Extracted records:
.....

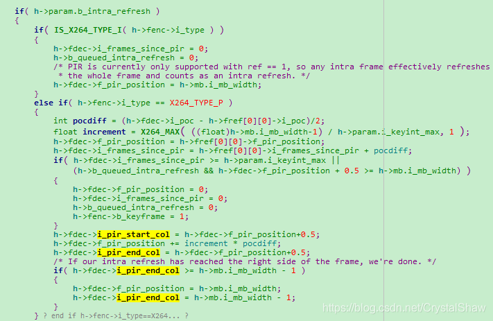x264_encoder_encode:根据i_poc和i_keyint_max计算intracoded regions。计算intra编码的start和end宏块ID索引。
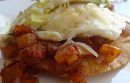 Tostada de Chorizo con Huevo Find all the pictures we have received for this Tostada de Chorizo con Huevo recipe. You can also send us your own pictures for this recipe by clicking on the link below. Pictures Photo sent the 06/19/2013 by á-36419. Recipe Print Comments Photos Send this recipe to friends Send a picture of this recipe
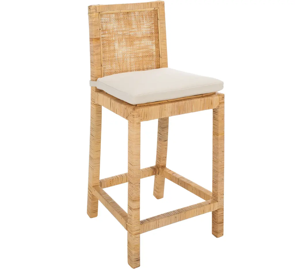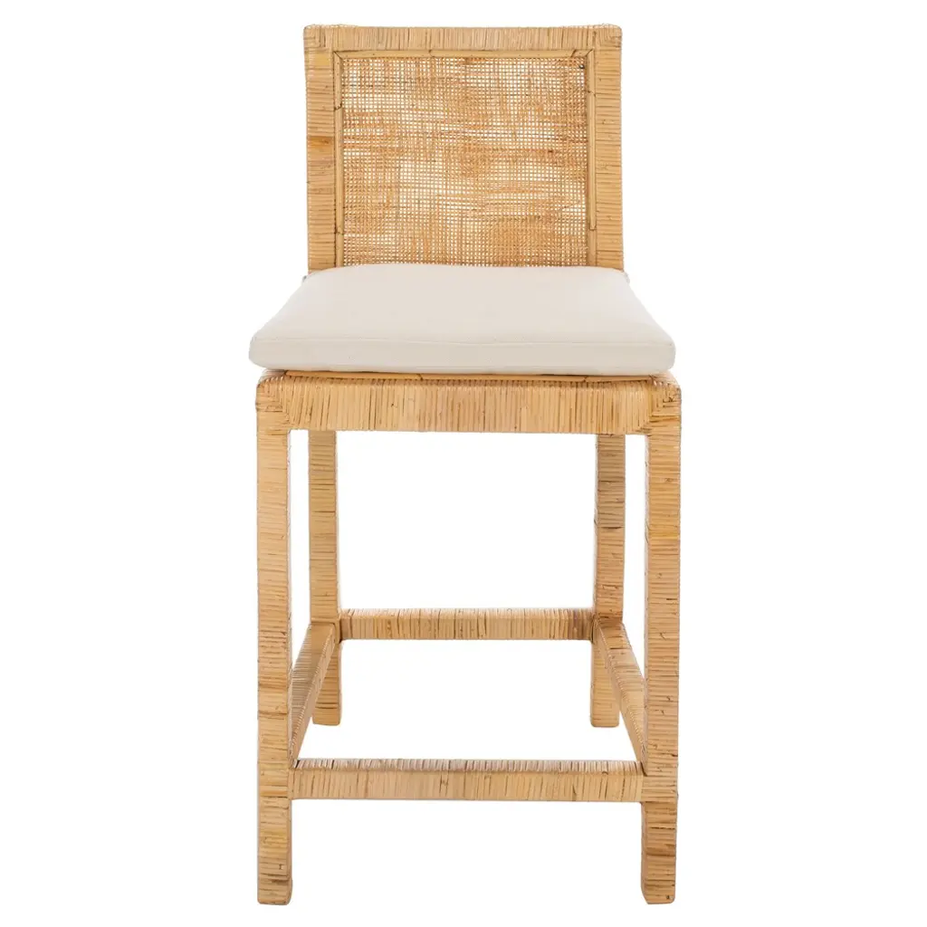 Robias 24.5"h Rectangular Rattan And Water Hyacinth Counter Stool
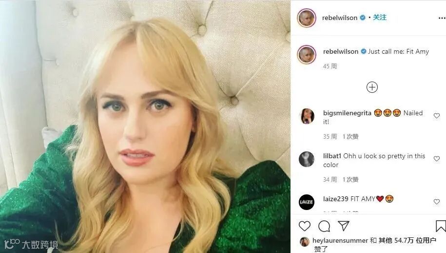 如今减肥成功的她。在Ins上调侃到“Just call me: fit Amy”。可以说从fat Amy到fit Amy,瑞贝尔完成了一次华丽的蜕变!
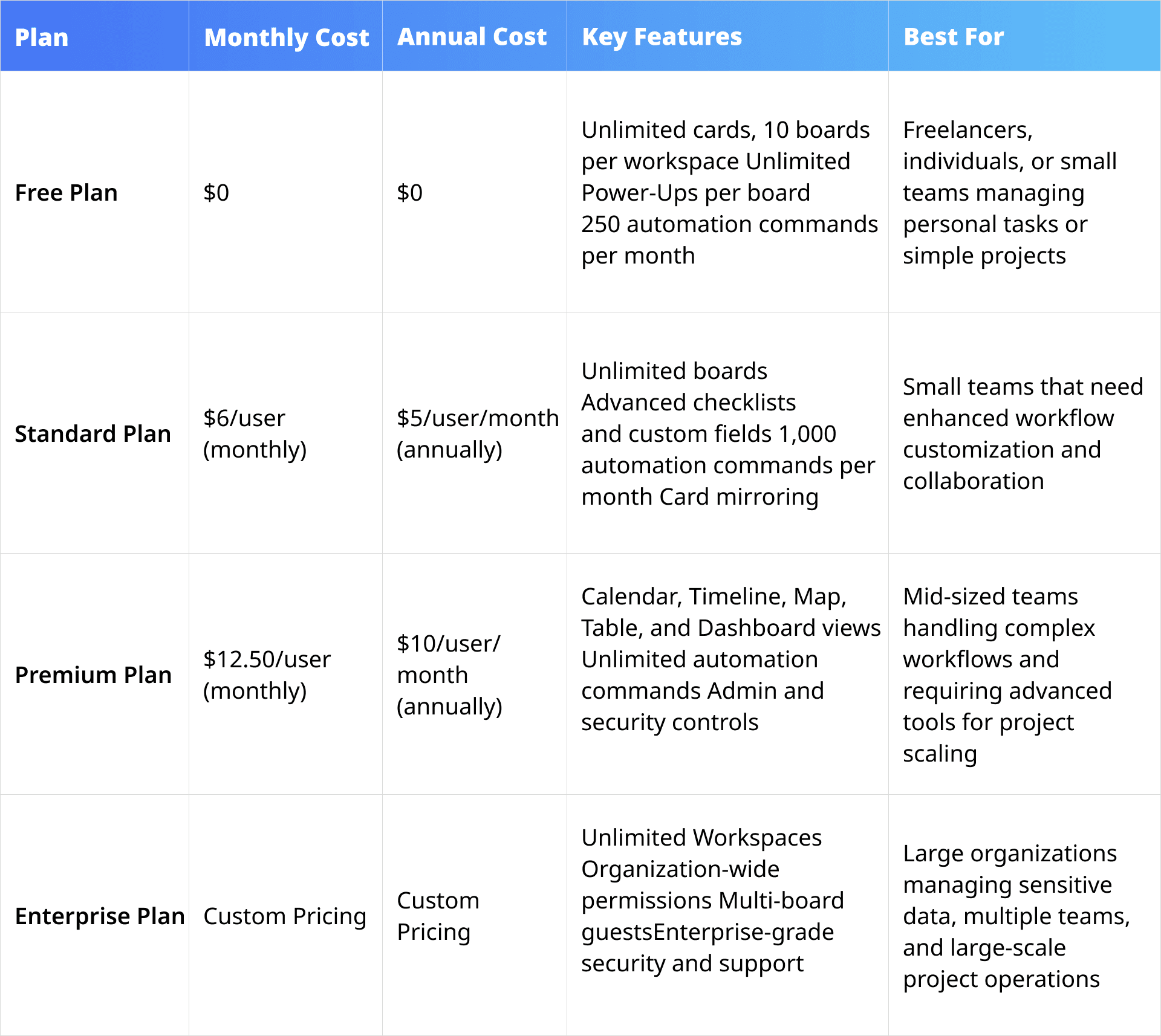 Trello 요금제를 한눈에 비교하면 각 요금제의 비용, 핵심 기능 및 이상적인 사용 사례를 쉽게 확인할 수 있습니다:
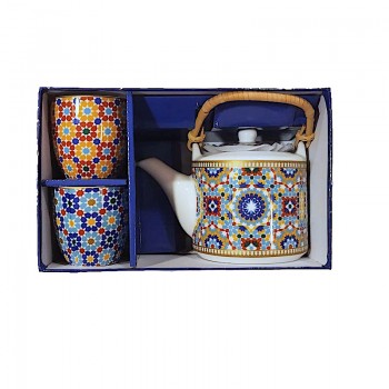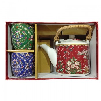 Porcelan teapot 600ml with metal infuser and 2 cups 160ml
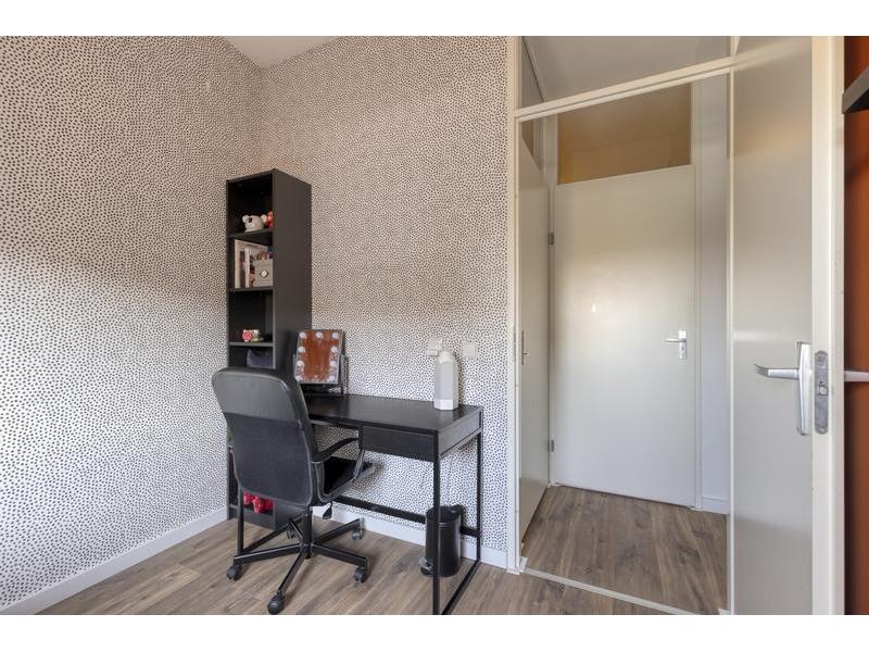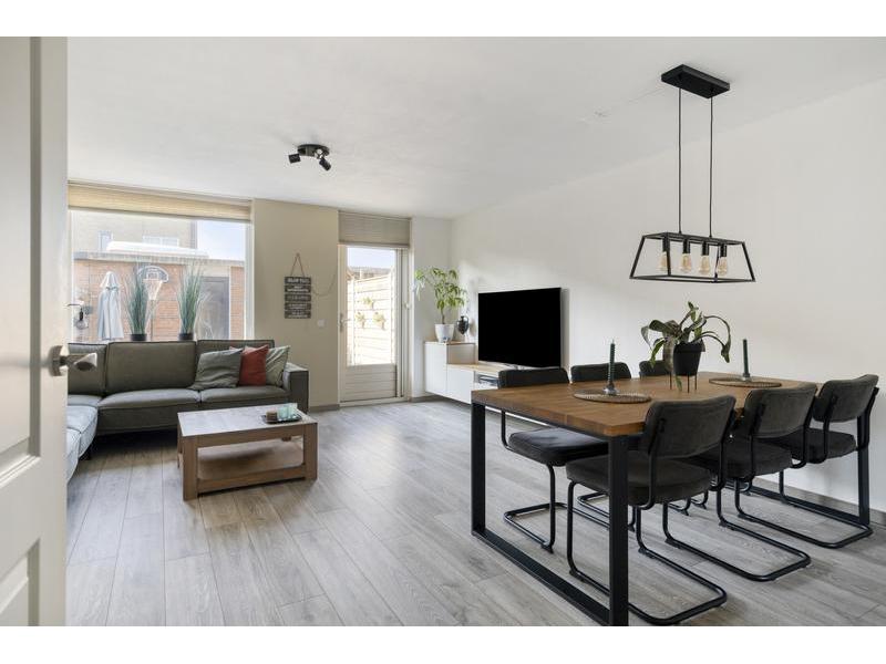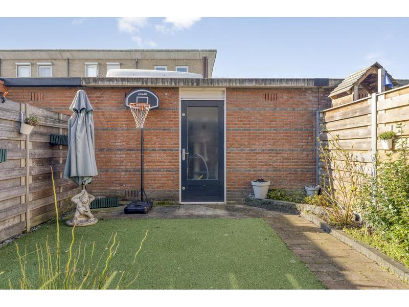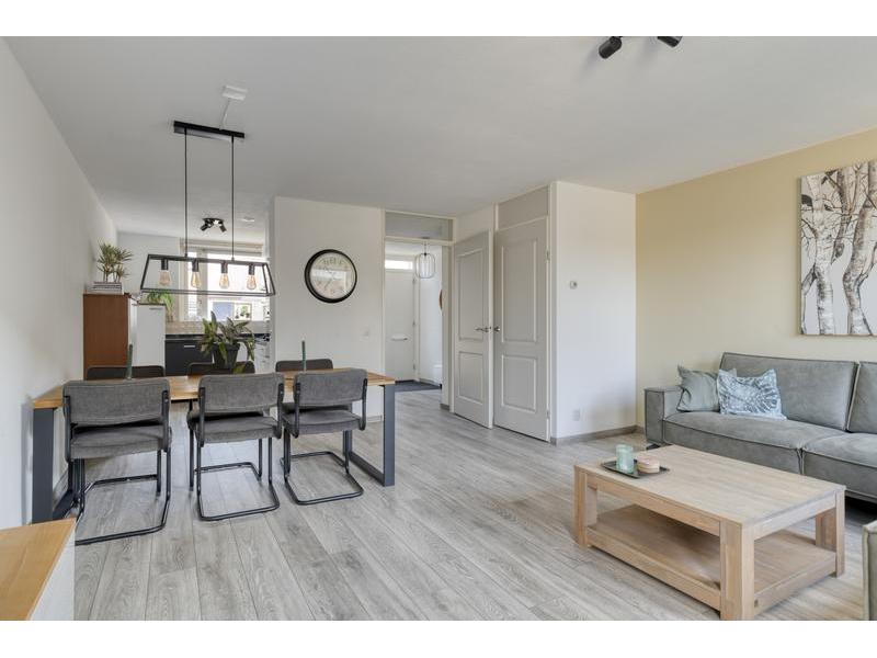 Begane grond: entree met ruime hal, betegeld toilet met fonteintje, meterkast en trapopgang. Vanuit de hal toegang tot de woonkamer met trapkast en de halfopen keuken aan de voorzijde; via de woonkamer is de achtertuin bereikbaar. Eerste verdieping: overloop met vaste kast waarin de cv-installatie en extra bergruimte met wasmachine- en drogeraansluiting. Een ruime slaapkamer over de volle breedte aan de voorzijde en twee slaapkamers aan de achterzijde. De badkamer is volledig betegeld en voorzien van inloopdouche, toilet en wastafelmeubel.
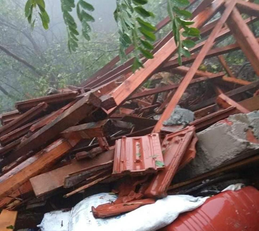 Κατέρρευσε η στέγη του σπιτιού τους κατά τη διάρκεια της νεροποντής, ωστόσο οι οι πυροσβέστες δεν μπορούν να προσεγγίσουν το σημείο, καθώς και οι δυο δρόμοι που οδηγούν στο χωριό έχουν πλημμυρίσει.
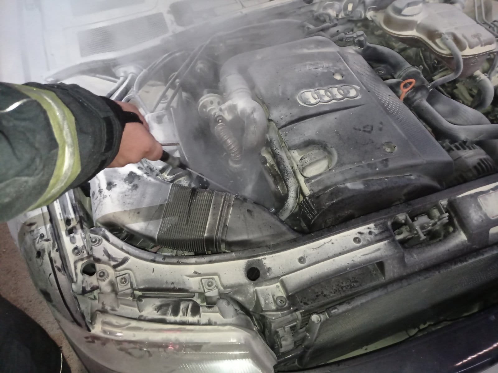 Prema prvim informacijama, vjerovatno je došlo do samozapaljenja vozila, pošto se vatra pojavila na motoru automobila.
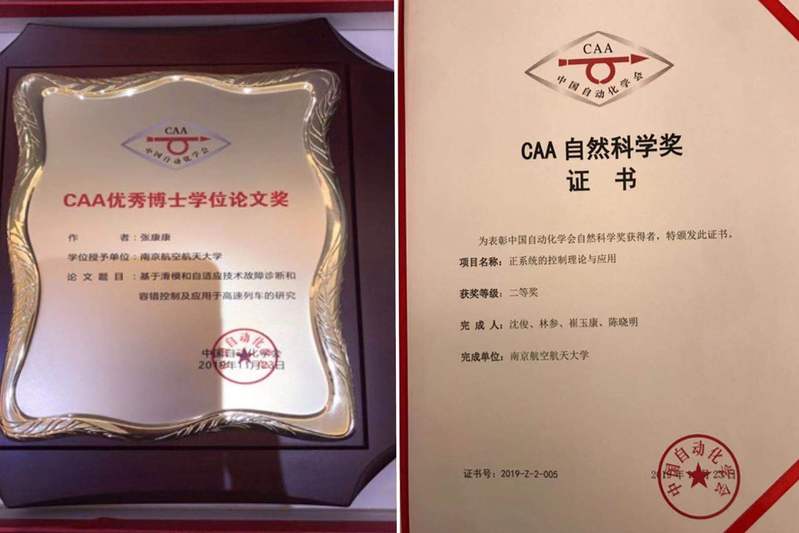 张康康博士,于2018年毕业于同人漫画 同人漫画 ,师从姜斌教授,其博士学位论文《基于滑模技术故障诊断和容错控制及应用于高速列车的研究》获得2019年度CAA优秀博士学位论文奖。该论文深入研究了微小故障的幅值特性及演变特性,提出了微小故障的数学描述方法,为基于模型的微小故障诊断奠定了扎实的理论基础。张康康博士在读博士期间,在IEEE Trans. 等高水平期刊上共发表(录用)学术论文15篇,获工信部创新奖、国家奖学金、同人漫画 群星创新奖等奖励。
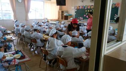 1年生も6年生にお手伝いしてもらい、 時間通りに食べ始めることができました。
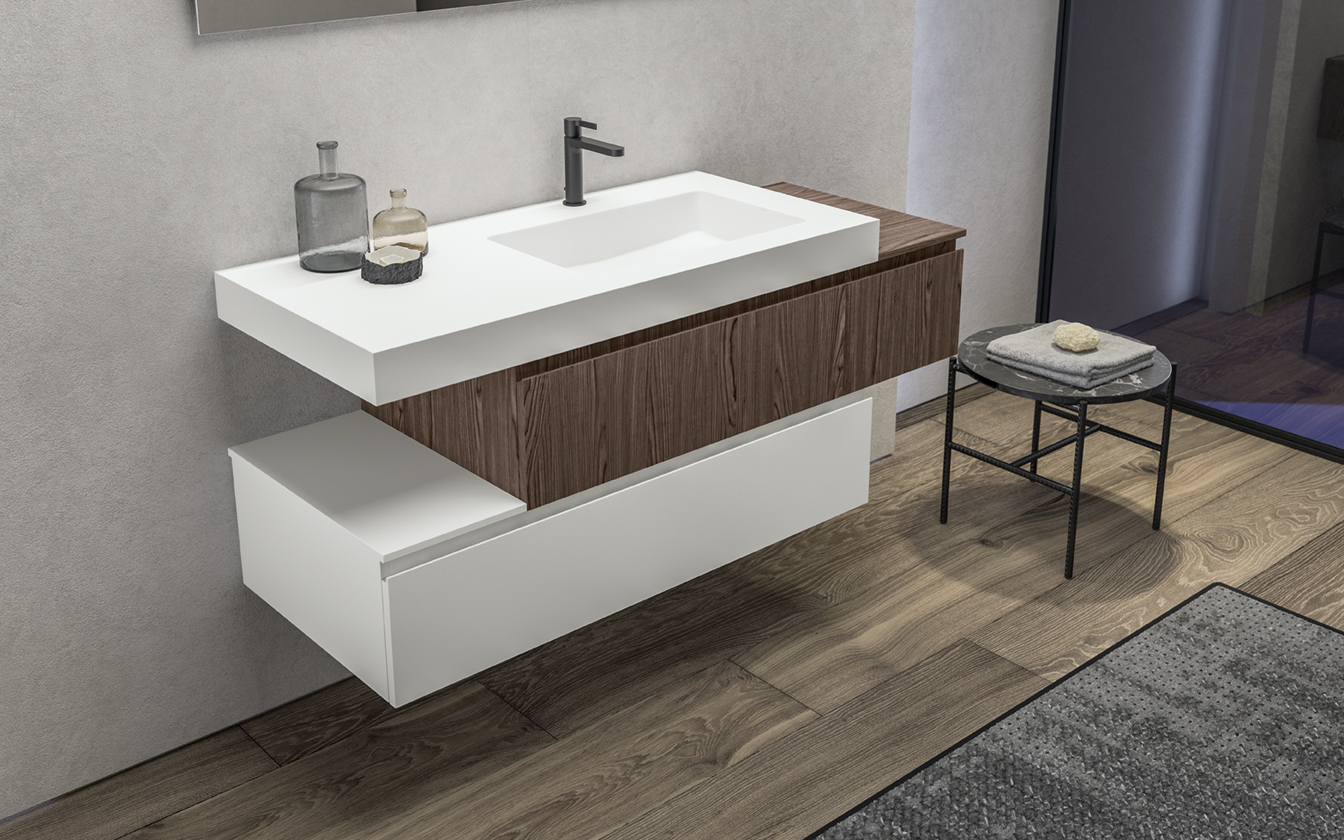 Комплект мебели BMT GALAXY GA-11 1310х1850х504 мммм c 2 тумбами, раковиной и зеркалом, цвет Chestnut/Bianco Opaco/B-Tech Bianco Opaco:
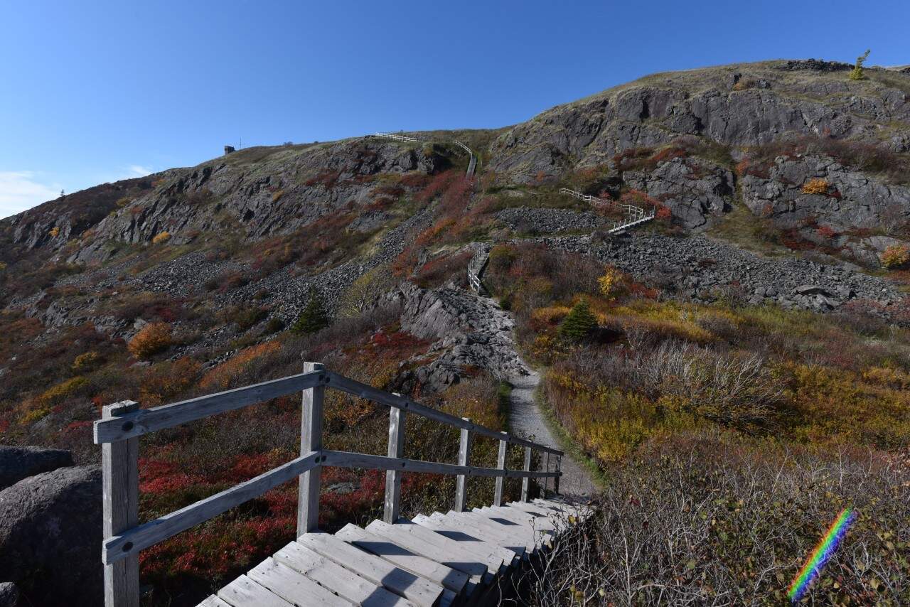 The North Head Trail begins at the end of Outer Battery Road, leading you along the narrows and into Ross’ Valley, a stunning "hanging valley" carved out by glaciers during the last Ice Age. As you ascend the steep and rugged trail, you'll pass by military remnants and landmarks tied to Signal Hill’s historic past. The trail culminates with a stunning view from Cabot Tower, offering panoramic sights of St. John’s and the Atlantic coastline. Hiking this trail isn’t just about the natural scenery—it’s also a journey through history, allowing you to experience the rich cultural heritage of Newfoundland.

.....

PROBLEM TO SOLVE:
Starting with the line that has "Trello 요금제를 한눈에" and going on through the line that has "Begane grond: entree", transcribe the records above exactly, but skip the pictures.

SOLUTION TO THIS EXERCISE:
 Trello 요금제를 한눈에 비교하면 각 요금제의 비용, 핵심 기능 및 이상적인 사용 사례를 쉽게 확인할 수 있습니다:
 Porcelan teapot 600ml with metal infuser and 2 cups 160ml
 Begane grond: entree met ruime hal, betegeld toilet met fonteintje, meterkast en trapopgang. Vanuit de hal toegang tot de woonkamer met trapkast en de halfopen keuken aan de voorzijde; via de woonkamer is de achtertuin bereikbaar. Eerste verdieping: overloop met vaste kast waarin de cv-installatie en extra bergruimte met wasmachine- en drogeraansluiting. Een ruime slaapkamer over de volle breedte aan de voorzijde en twee slaapkamers aan de achterzijde. De badkamer is volledig betegeld en voorzien van inloopdouche, toilet en wastafelmeubel.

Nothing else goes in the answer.